• TASK: Reproduce exactly, leaving out pictures, each line from the one holding "1680D Oxford Waterproof" through the final line of the listing, and add nothing.

• DATA IN THIS EXERCISE:
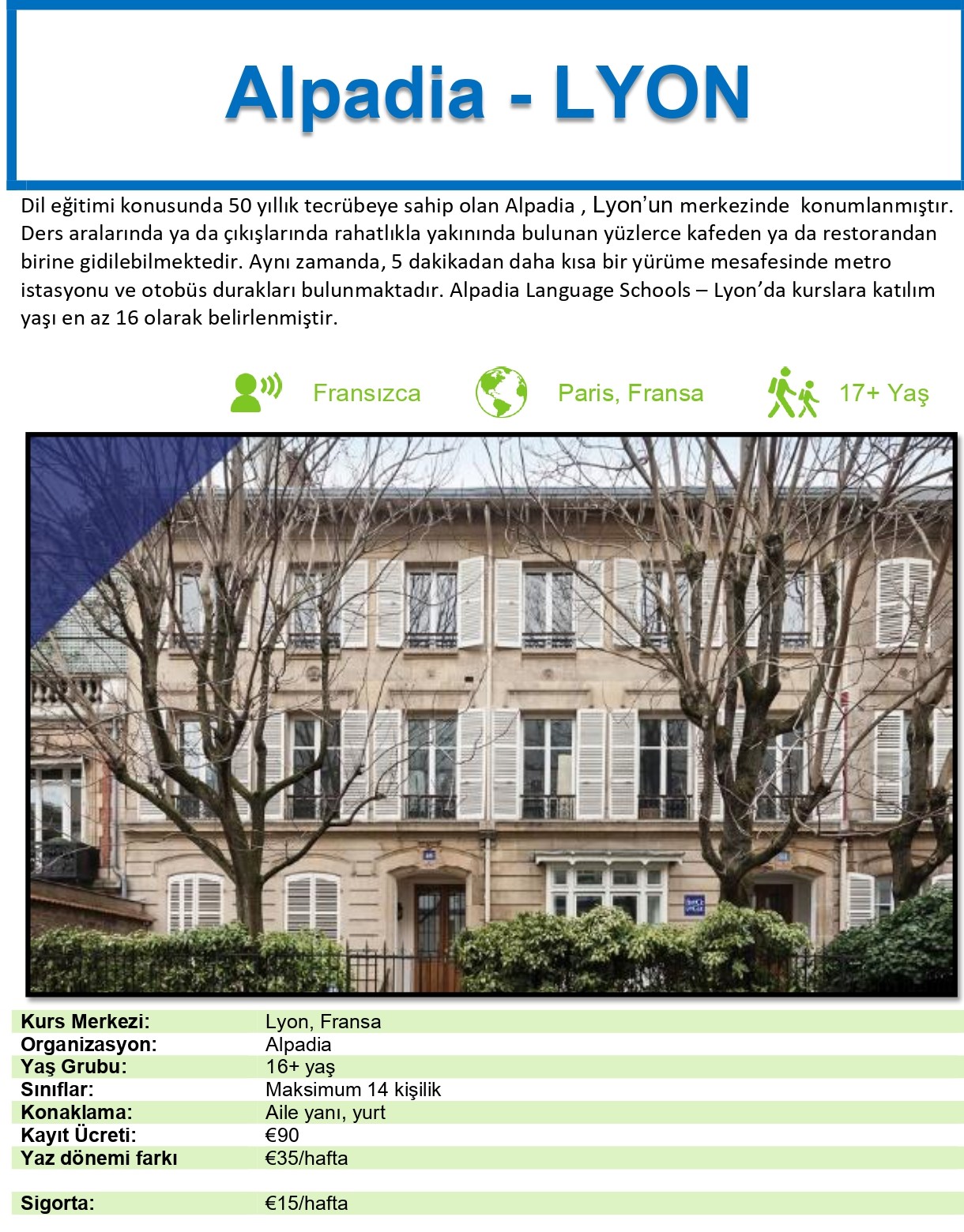Alpadia - Lyon - FransaYURT DIŞI DİL OKULU
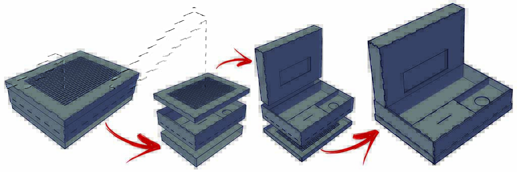 1. The cover of the closed Box becomes the base to support the notebook (it has a grid for the air);
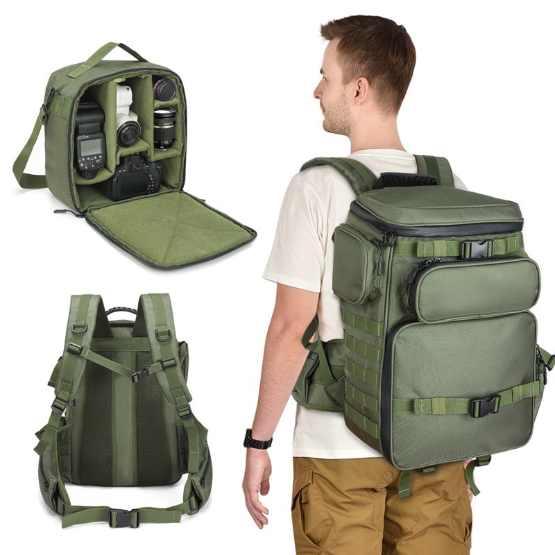 1680D Oxford Waterproof Green Tactical Camera Backpack
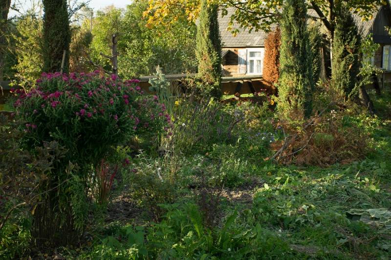 W Biskupinie resztki porządku po wrześniowej wizycie TV. W. ogarnął wowczas narzędzia, ale moich niewymownych i biusthalterów suszących się na trasie już nie...
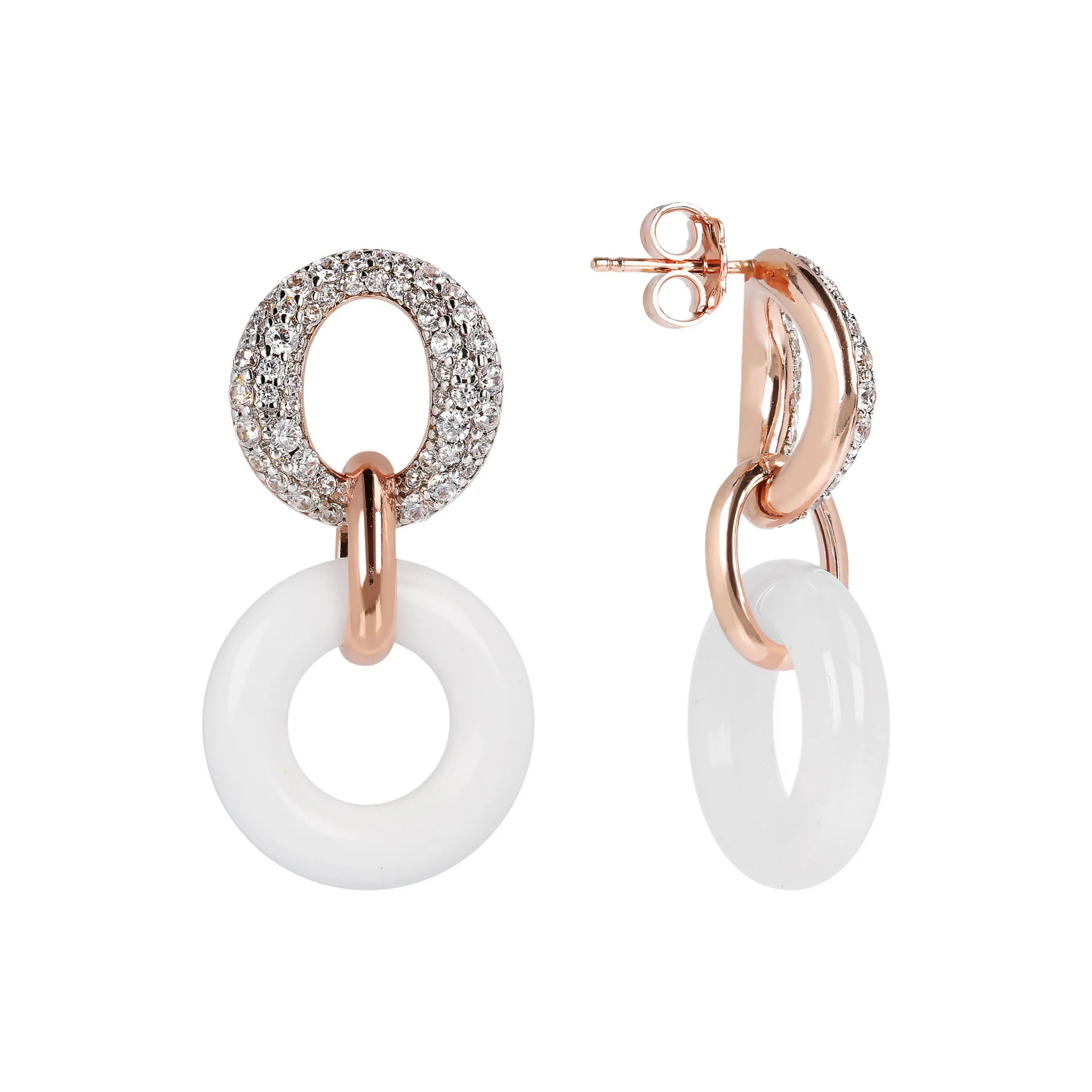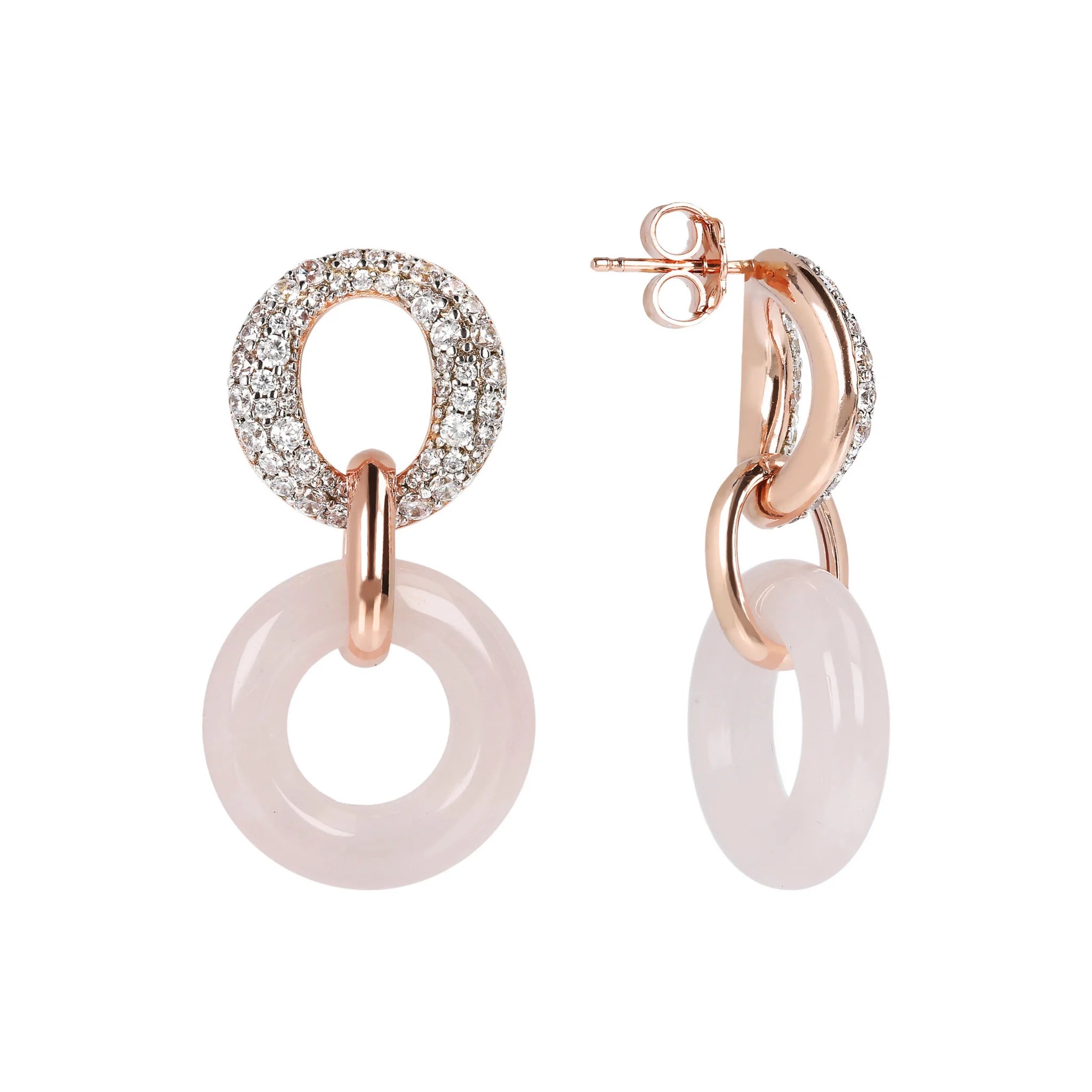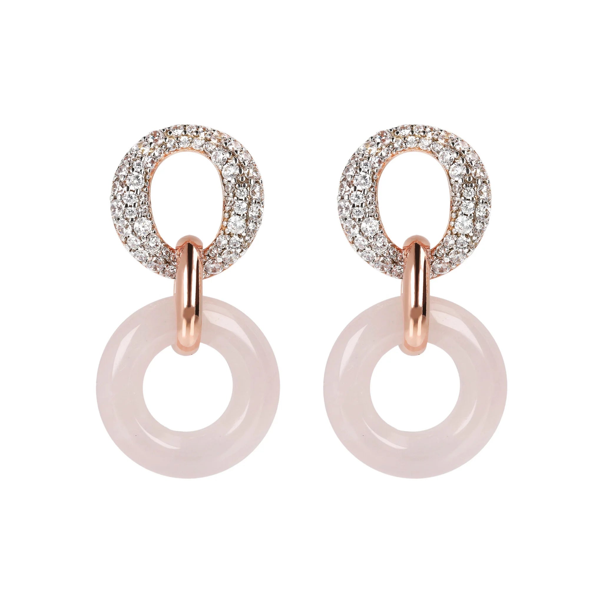 Orecchini pendenti Bronzallure, realizzati in lega Golden Rosé, placcati oro rosa 18kt, impreziositi da due anelli pavé in cubic zirconia, qualità luminosa, e da due pietre naturali ad anello (20 mm); lunghezza 3.7 cm; chiusura a perno e farfalla.
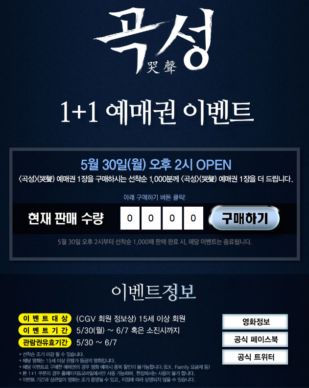 [CGV] 곡성 1+1 예매권 (9,000/무료) > 국내핫딜
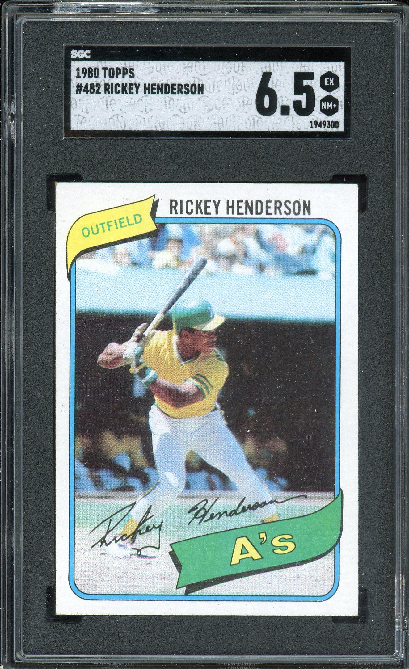 Rickey Henderson Oakland A's 1980 Topps Rookie Card #482. This card has been graded EX MT+ 6.5 by SGC.

• ANSWER:
 1680D Oxford Waterproof Green Tactical Camera Backpack
 W Biskupinie resztki porządku po wrześniowej wizycie TV. W. ogarnął wowczas narzędzia, ale moich niewymownych i biusthalterów suszących się na trasie już nie...
 Orecchini pendenti Bronzallure, realizzati in lega Golden Rosé, placcati oro rosa 18kt, impreziositi da due anelli pavé in cubic zirconia, qualità luminosa, e da due pietre naturali ad anello (20 mm); lunghezza 3.7 cm; chiusura a perno e farfalla.
 [CGV] 곡성 1+1 예매권 (9,000/무료) > 국내핫딜
 Rickey Henderson Oakland A's 1980 Topps Rookie Card #482. This card has been graded EX MT+ 6.5 by SGC.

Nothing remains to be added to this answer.